§ **EXTRACTED DATA**
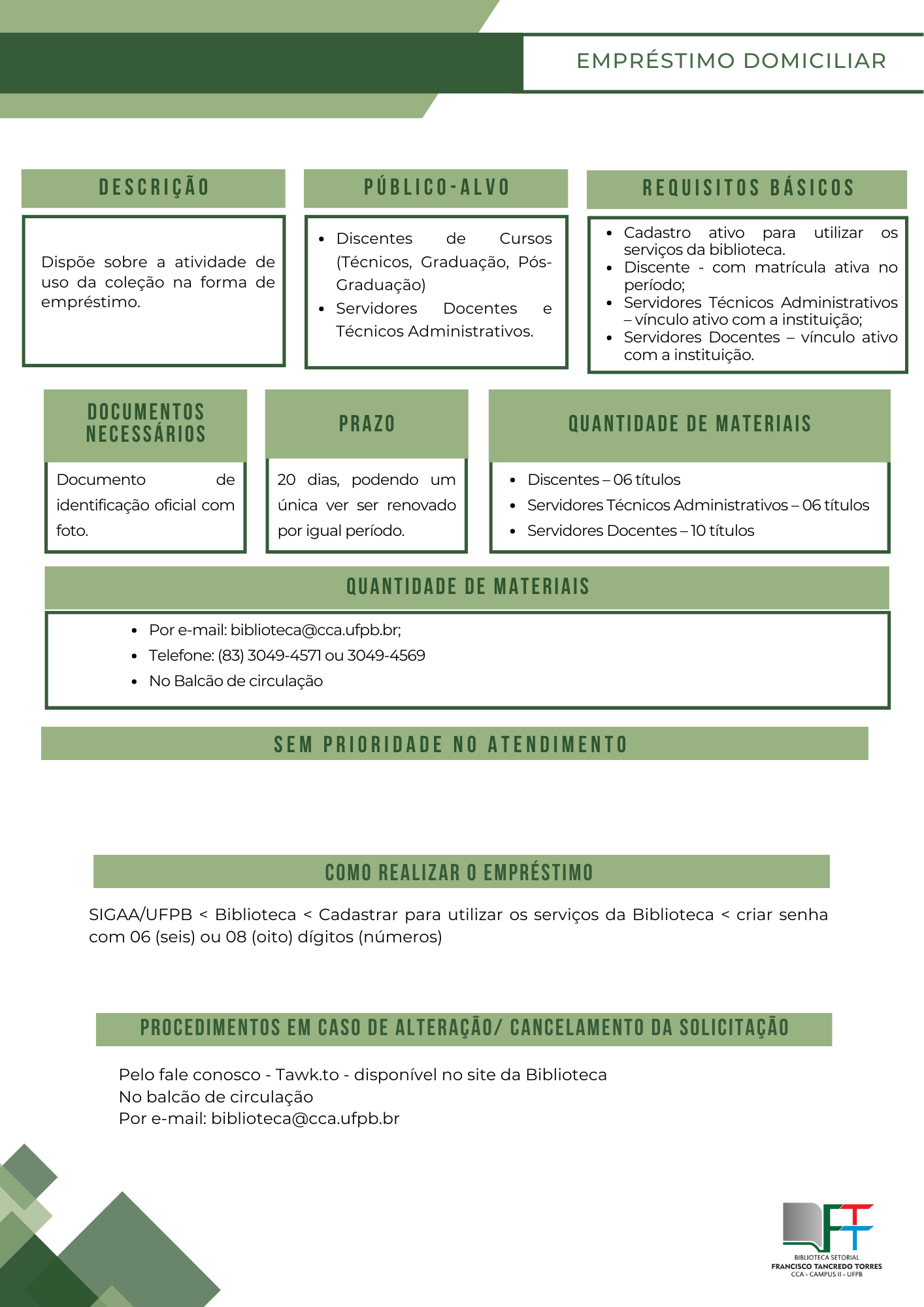 Descrição da imagem: Imagem com fundo branco e detalhes em verde claro e verde escuro. Título: Empréstimo Domiciliar. Logo abaixo se encontram quadros com as seguintes informações: descrição - Dispõe sobre a atividade de uso da coleção na forma de empréstimo. Público-alvo: Discentes de Cursos (Técnicos, Graduação, Pós- Graduação), Servidores, Docentes e Técnicos Administrativos. Requisitos básicos: Cadastro ativo para utilizar os serviços da biblioteca, Discente - com matrícula ativa no período, Servidores Técnicos Administrativos - vínculo ativo com a instituição, Servidores Docentes - vínculo ativo com a instituição. Documentos necessários: Documento de identificação oficial com foto. Prazo: 20 dias, podendo uma única vez ser renovado por igual período. Quantidade de materiais: Discentes - 06 títulos, Servidores Técnicos Administrativos - 06 títulos, Servidores Docentes - 10 títulos. Locais e formas de comunicação: Por e-mail: biblioteca@cca.ufpb.br; Telefone: (83) 3049-4571 ou 3049-4569; e no balcão de circulação. Logo abaixo está escrito: Sem prioridade no atendimento. Como realizar o empréstimo: SIGAA/UFPB ≤ Biblioteca < Cadastrar para utilizar os serviços da Biblioteca < criar senha com 06 (seis) ou 08 (oito) dígitos (números). Procedimentos em caso de alteração/ cancelamento da solicitação: Pelo fale conosco - Tawk.to - disponível no site da Biblioteca, no balcão de circulação e por e-mail: biblioteca@cca.ufpb.br. No rodapé está a logo da biblioteca setorial Francisco Tancredo Torres.
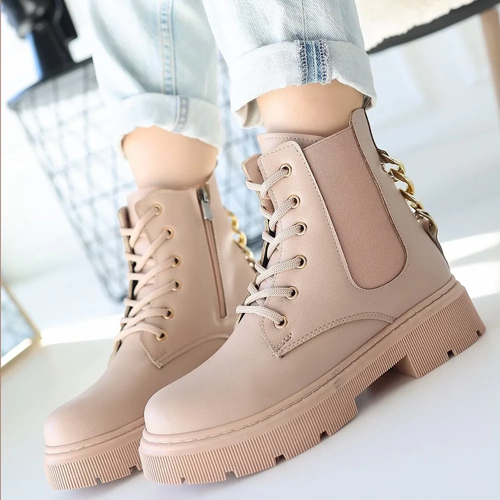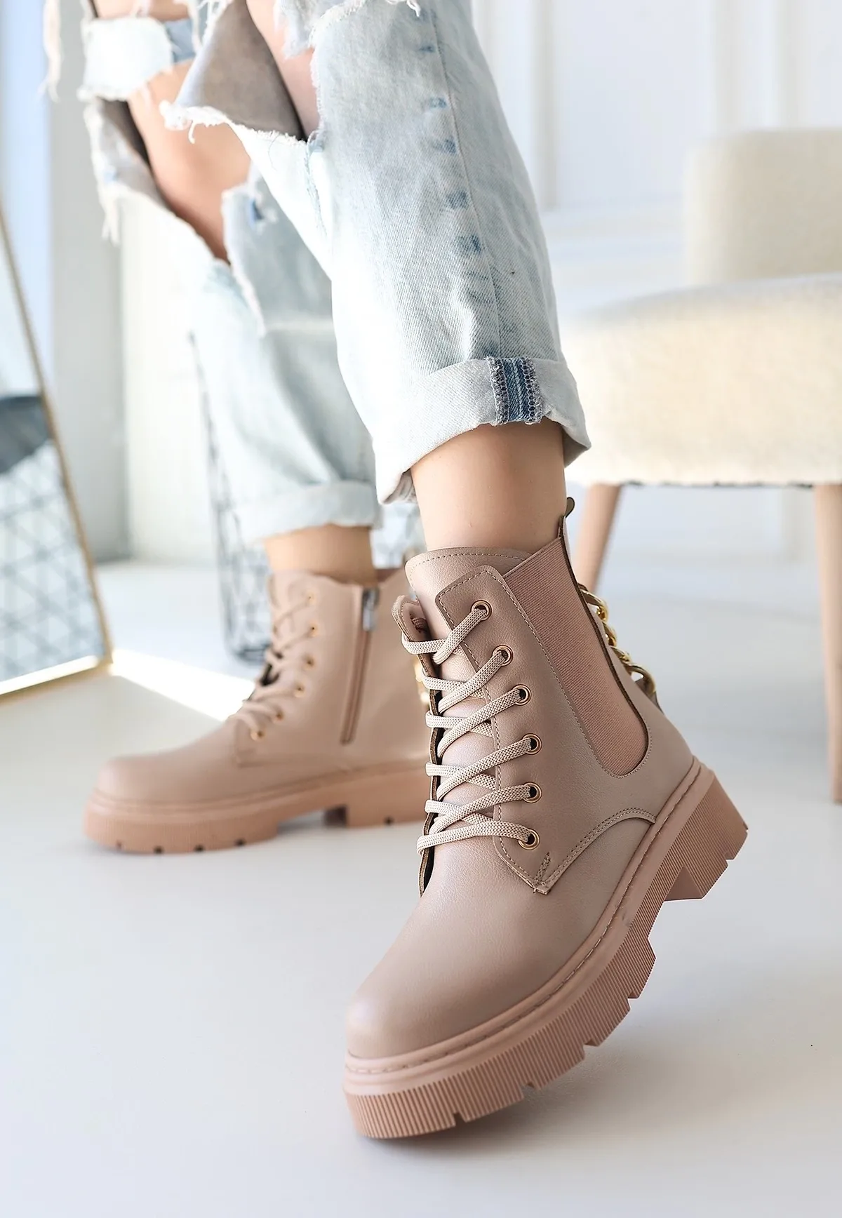 Detay : Topuklu Yandan Fermuarlı Bağcıklı Bot
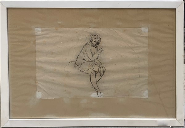 Ignoto del secolo XIX "Donna seduta" penna e inchiostro bruno e tracce a matita (cm 19x29 circa). In cornice
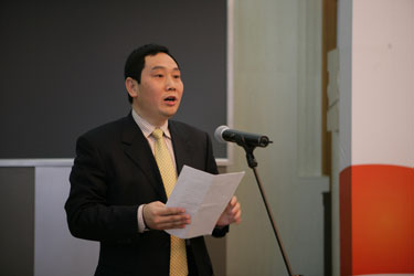 江西省建設工程有限公司董事長宗贛生在成立大會上發表設獎感言
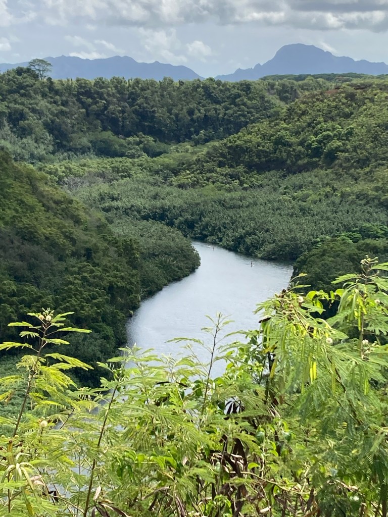 We stopped at Kapa’a Falls enroute back to the ship. Just one of the many waterways and waterfalls flowing throughout Kauai from the source at Mt. Wai’ale’ale – upper left corner of the photo. Mahalo Mt. Wai’ale’ale!!
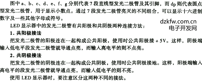 LED是發光二極管的縮寫。數碼顯示器是由7段發光二極管構成的,應用非常普遍。除此之外,還有液晶顯示器(LCD)、真空熒光顯示器(VFD)、等離子顯示器(PDP),本章只介紹數碼顯示器和液晶顯示器。

§ **EXERCISE INSTRUCTIONS**
Return exactly the lines that begin with the one containing "We stopped at" and end with the final line of the data above; include no pictures.

§ **REPLY**
 We stopped at Kapa’a Falls enroute back to the ship. Just one of the many waterways and waterfalls flowing throughout Kauai from the source at Mt. Wai’ale’ale – upper left corner of the photo. Mahalo Mt. Wai’ale’ale!!
 LED是發光二極管的縮寫。數碼顯示器是由7段發光二極管構成的,應用非常普遍。除此之外,還有液晶顯示器(LCD)、真空熒光顯示器(VFD)、等離子顯示器(PDP),本章只介紹數碼顯示器和液晶顯示器。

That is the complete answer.